In August, Kiplagat participated in the 2017 World Championships in Athletics held in London. She won the silver medal in the women's marathon in a time of 2:27:18. She was preceded by Rose Chelimo.

===2021===
Kiplagat competed in the 2021 Boston Marathon, which had been moved to the Columbus Day holiday in October, less than one month before her 42nd birthday. She was declared the winner after compatriot Diana Kipyokei, who finished ahead of her by 24 seconds, was disqualified for use of a performance-enhancing corticosteroid. Kiplagat was retroactively elevated to first place. Her victory made her the oldest runner, either male or female, to have won a World Marathon Major event. At the time of her win, she was more than three years older than the previous female recordholder, Constantina Diță.

==Achievements==
===World Marathon Majors results===

| World Marathon Majors | 2010 | 2011 | 2012 | 2013 | 2014 | 2015 | 2016 | 2017 | 2018 | 2019 | 2020 | 2021 | 2022 | 2023 | 2024 |
|---|---|---|---|---|---|---|---|---|---|---|---|---|---|---|---|
| Tokyo Marathon | - | - | - | - | - | - | 3rd | - | - | - | - | p | - | - | - |
| Boston Marathon | - | - | - | - | - | - | - | 1st | 9th | 2nd | x | 1st | 4th | 10th | 3rd |
| London Marathon | - | 2nd | 2nd | 2nd | 1st | 10th | - | - | - | - | - | - | - | - | - |
| Berlin Marathon | - | - | - | - | - | - | - | - | 4th | - | x | - | - | - | - |
| Chicago Marathon | - | - | - | - | - | - | 2nd | - | - | - | x | - | - | - | - |
| New York City Marathon | 1st | - | - | 9th | 12th | - | - | 4th | - | - | x | - | 4th | 7th | - |

==Personal life==
Kiplagat hails from Iten, Kenya, and trained as a police officer.

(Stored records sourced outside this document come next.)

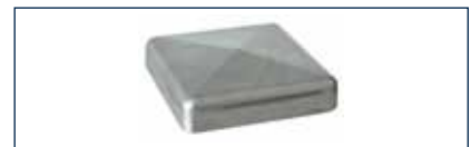
An den Torpfosten kommen jetzt Alu-Kappen zum Einsatz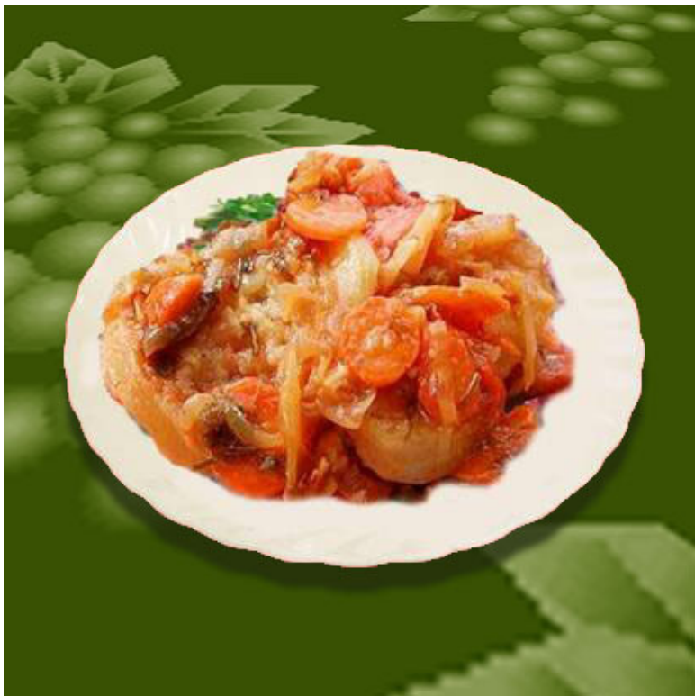
Овощное рагу ( общевойсковой паёк )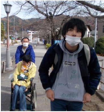
穏やかな陽気で散策日和☆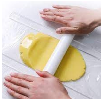
Opção para abrir a massa

·Para dar uma estrutura mais firme ao Biscoito, pode utilizar um açúcar granulado, como demerara ou cristal.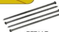
PERNO ESTACA ASFALTO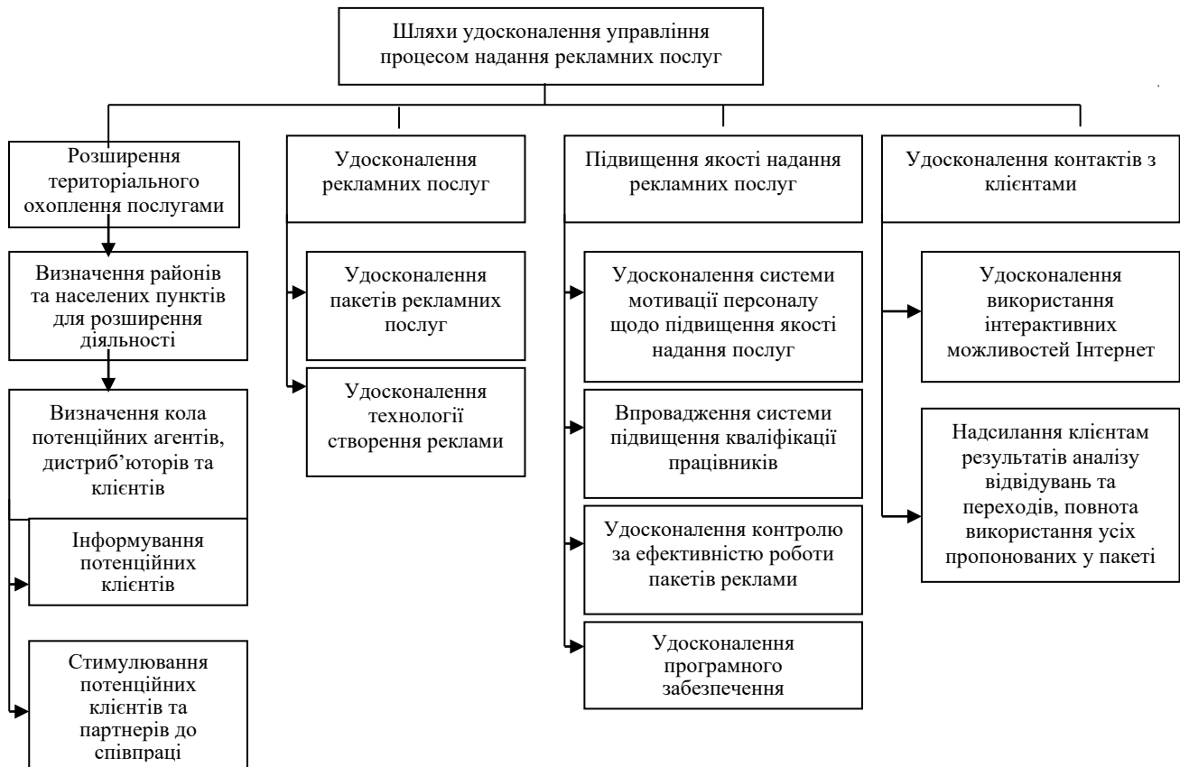
Рис.1. Шляхи удосконалення управління процесом надання рекламних послуг ПП «Українські Інтернет технології»

"I am one of the role models in my town and country," says Kiplagat. "I have mentored girls in school and I have empowered women to form community associations. I also support less fortunate kids to pay their school fees."

Kiplagat and her husband have five children – two of her own, two adopted from her sister who died of breast cancer in 2003, and one adopted from a neighbor who died in childbirth in 2013. Her children Wendy and Carlos were at the finish line and award ceremony for her victory in the 121st annual Boston Marathon.
They live in Longmont Colorado.
She started the Edna Kiplagat Foundation to raise awareness of breast cancer. Kiplagat also volunteers to create awareness for garbage management toward keeping a clean environment. Kiplagat is a devout Roman Catholic.